Preso em 19 de outubro, em Brasília, o ex-presidente da Câmara é acusado de receber propina de contrato da Petrobras para exploração de petróleo no Benin, na África, e usar contas na Suíça para lavar o dinheiro. Eduardo Cunha está detido no Complexo Médico-Penal em Pinhais, na Região Metropolitana da capital paranaense.
Pedido de revogação da prisão
Cunha disse, em seu depoimento, que o juiz devia atender o pedido da defesa de revogar sua prisão, porque, na opinião dele, dupla cidadania e risco de fuga não configuram prisão preventiva. Ele disse ainda que não possui recurso no exterior.
“Que Vossa Excelência possa aproveitar este momento e me permitir, como qualquer cidadão, já que o Supremo decidiu que o cumprimento da sentença tem que ser a partir da condenação em segundo grau, que me permita seguir o Supremo, se por ventura, eu tiver uma condenação confirmada e não tenha uma antecipação de cumprimento de pena, e numa condição degradante como a transferência para um presídio onde lá eu to colocado em uma situação absurda”.
O deputado cassado disse que está detido com presos violentos. Ele mencionou que o local já teve tentativa de fuga e que, segundo ele, ouviu a explosão que resultou na fuga de 28 presos na Penitenciária Estadual de Piraquara I (PEP I), que também fica na Região Metropolitana de Curitiba, em janeiro.
A defesa de Eduardo Cunha esclareceu que o pedido de liberdade foi em função do fim da instrução do processo e não tem nenhuma relação com aneurisma cerebral mencionado pelo cliente durante a audiência.
Trusts
Durante o interrogatório, Sérgio Moro pediu que o ex-deputado falasse sobre os trusts – empresas utilizadas para fazer a custódia e a administração dos bens, interesses e dinheiro – que detinha no exterior.

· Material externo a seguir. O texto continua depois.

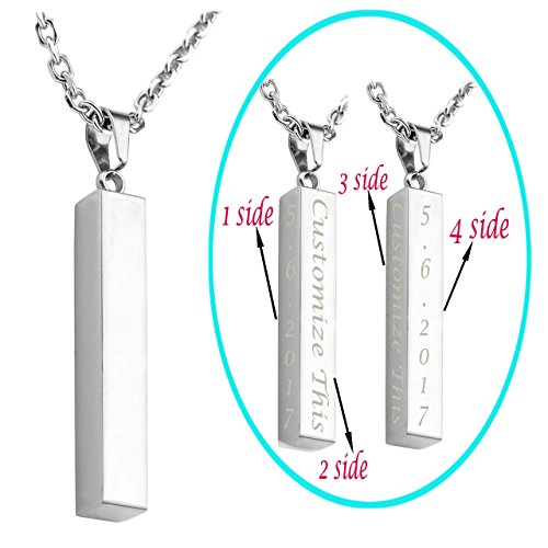 -. Binding : Jewelry -. Brand : PiercingJ -. Department : unisex-adult -. Feature : Package: Surgical Stainless Steel Pebdant + Chain+Gift Box / Size(appr): Pendant: 30mm Diameter; Chain: 24"Length; Pad: 22mmDiameter / Fashion and Functional: The pendant can be customized the information of Name, Birth, Sex, Age; Perfect for Mens and Womens. / Engraving: 4 Sides of the Rectangle Pendant can be laser engraved with 20 initials for each side (include the spaces and special symbols) / Customization: Each side of the pendant with 20 initials can be engraved.Please check the engraving content carefully before placing an order.If the Self-Customize Service can not satisfy your request,please "Contact Seller" after finish the payment immediately. -. Label : PiercingJ -. Manufacturer : PiercingJ -. ProductGroup : Jewelry -. ProductTypeName : FASHIONNECKLACEBRACELETANKLET -. Publisher : PiercingJ -. Studio : PiercingJ -. Title : PiercingJ Personalized Custom Message Engrave Name Bar Necklace Stainless Steel Pendant Chain Gift Box

O ex-presidente da Câmara disse que as empresas Triumph, Orion e Netherton foram criadas para administrar valores e tomar as decisões sobre os investimentos. De acordo com Cunha, em apenas um momento ele teve uma procuração para fazer algumas transações limitadas da Orion.
Eduardo Cunha também afirmou que a transferência dos valores da Triumph e da Orion, para a Netherton, foi feita em abril de 2014, no início da Operação Lava Jato – que teve a primeira fase deflagrada em 17 de março de 2014 –, mas que a decisão de transferir o dinheiro foi tomada em janeiro, por orientação do próprio banco.

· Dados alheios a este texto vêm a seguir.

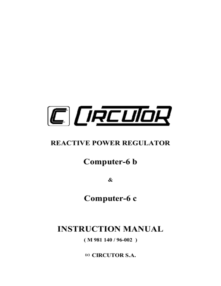 REACTIVE POWER REGULATOR Computer-6 b & Computer-6 c INSTRUCTION MANUAL ( M 981 140 / 96-002 ) (c) CIRCUTOR S.A. ---- 1.- COMPUTER 6 b / 6 c REGULATOR Page Nº 2 BASIC INSTRUCTIONS 1.1.- Delivery spot check This manual is issued to help all the Computer 6b & 6c users to install and use it in order to get the best from it. After receiving the unit please check the following points: (a) Does this device corresponds to your order specifications? (b) Check if any damage was done during the shipment process. (c) Verify that it includes *One instruction manual . 1.2.- Connection procedures The manual you hold in your hands contains information and warnings that the user should respect in order to guarantee a proper operation of all the instrument functions and keep its safety conditions. Before connecting the instrument to the mains see all the installation specification described at the previous chapters named INSTALLATION AND STARTUP, INSTALLATION MODES and TECHNICAL CHARACTERISTICS. ---- 2.- COMPUTER 6 b / 6 c REGULATOR Page Nº 3 REACTIVE POWER REGULATOR COMPUTER 6b and COMPUTER 6c The computer 6b regulators (Front mounted knobs) and Computer 6c regulators ( rear mounted knobs) control the connection and disconnection of capacitor steps, depending on the consumed reactive current, in order to keep the power factor within a desired value. These devices have a front display indicating the cos ϕ measured value. Based on microelectronics technology CIRCUTOR designed the FCP control system (Fast Computerized Program). The regulator uses the microprocessor intelligence to take complex decisions which need a high calculation capacity. ---- COMPUTER 6 b / 6 c REGULATOR Page Nº 4 3.- DISPLAY AND LED SIGNS The front part of the regulator has the following control signs : A-B D E F Led - Shows the cos ϕ example: 95 means that measured cos ϕ is 0,95 - The sign " " indicates that the measured current is below the limits to enable correct reading. In such condition there is no connection of new capacitor steps Lights on when cos ϕ is inductive. Led Lights on when cos ϕ is capacitive. Led Lights on when the display (A-B) shows the rumber of capacitor steps connected (lights on when pushing button C). numerical display 4.- ADJUSTMENTS and PUSH BUTTONS : C Push button G Push button I Push button J K cos ϕ control C/K control To read the number of capacitor steps connected at that time. When C is released , the A-B display returns to its normal cosϕ indication for manual switching ON of capacitors. Increases the number of steps connected. for manual switching OFF of capacitors. Reduces the number of steps connected. Cos ϕ setting control from 0.85 ind. to 0.95 Cap. - Reactive current setting - May be manual or automatic. - C/ K : current of the first capacitor step divided for the transformer ratio. ---- COMPUTER 6 b / 6 c REGULATOR Page Nº 5 5.- INSTALLATION AND STARTUP The manual you hold in your hands contains information and warnings that the user should respect in order to guarantee a proper operation of all the instrument functions and keep its safety conditions. The instrument must not be powered and used until its definitive assembly on the cabinet’s door. Whether the instrument is not used as manufacturer’s specifications, the protection of the instrument can be damaged. When any protection failure is suspected to exist (for example, it presents external visible damages), the instrument must be immediately powered off. In this case contact a qualified service representative. 5.1.- INSTALLATION Before applying AC power to the, check following points : a.- Supply voltage : see rear part of your 6b & 6c (According Computer-6 model) - Frequency Supply tolerance Connection terminals Instrument burden : : : : 50 / 60 Hz + 10 % / --15 % Terminals 3 -4 or 3 - 5 5 VA b.- Maximum admissible current : Transformer of In / 5 A a.c. ---- COMPUTER 6 b / 6 c REGULATOR Page Nº 6 c.- Operation conditions : - Operating temperature : 0 to 50ºC - Humidity : 25 to 80 % R.H. noncondensing d.- Safety : Designed to meet protection class II as per EN 61010. 5.2.- CONNECTIONS Instrument is to be mounted on panel (cut-out 138+1 x 138+1 mm, as per DIN 43 700). All connections keep inside the cabinet. Note that with the instrument powered on, the terminals could be dangerous to touching and cover opening actions or elements removal may allow accessing dangerous parts. Therefore, the instrument must not be used until this is completely installed. The instrument must be connected to a power supply circuit protected with gl type (IEC 269 ) or M type fuses rated between 0.5 and 2 A. This circuit should be provided with an automatic switch or any equivalent element to disconnect the instrument from the power supply network. The supply and measuring voltage circuits will be both connected through a wire with a minimum cross-section of 1 2 mm . The line of the current transformer secondary will have a minimum cross2 section of 2,5 mm . ---- COMPUTER 6 b / 6 c REGULATOR Page Nº 7 Connect the equipment according to the connection schema at the outside part of the regulator : - For the start-up it is necessary to install a current transformer (normally In / 5 A ). The transformer has to be chosen according to the maximum current of the equipment. The secundary line of the current transformer has to be the section according with the distances to regulator. - The current transformer has to be installed in a connection point where the total current of the equipments is flowing, including the own capacitor current CORRECT - The current transformer must be fitted line-side of the battery and loads (motors, ....) WRONG - No capacitor connections because no current information is delivered by the CT. - Insure that the CT is not short circuited , or installation out of load. - All the capacitors connects and no regulation takes places in relation with the load of the main supply. Risk of an over compensation on a main-supply wit

O juiz federal perguntou se, durante depoimento espontâneo na Comissão de Inquérito Parlamentar (CPI) da Petrobras, quando Eduardo Cunha declarou que não tinha contas no exterior, o ex-deputado não entendeu que era relevante prestar as informações sobre os trusts.
Eduardo Cunha disse que falou a verdade conforme a pergunta que lhe foi feita. “Se tivessem me feito a pergunta completa, eu teria respondido a verdade completa”, pontuou.
Sérgio Moro perguntou, então, se o ex-deputado não considerava que tinha obrigação de revelar essa informação. Eduardo Cunha disse então que acha que falou a verdade, de acordo com a pergunta feita a ele.
“Eu não tinha razão nenhuma para mentir, até porque eu não minto. Consequentemente, eu fui lá e falei a verdade”, declarou.
Na continuação do interrogatório, o deputado cassado disse que estaria mentindo se dissesse que tinha contas, porque a conta pertence ao trust, segundo ele.
“No mundo da política, a gente não fala aquilo que não é perguntado”, argumentou.
Nomeação de Zelada
Eduardo Cunha afirmou, ainda, que não teve nenhuma participação na nomeação de Jorge Zelada para diretoria da Petrobras, cujo processo, diz ele, foi conduzido por Fernando Diniz.
O deputado cassado diz ter ido à estatal em apenas duas ocasiões, sem tratar de negociação de cargos com ninguém.
“As duas únicas vezes em que estive na Petrobras, durante meu mandato de deputado federal, foram numa audiência, acompanhando a ex-governadora Rosinha quando o presidente [da Petrobras] era o [Sérgio] Gabrielli, e em uma audiência com a então presidente Graça Foster, levando um prefeito de uma cidade na qual eu era votado”, relatou.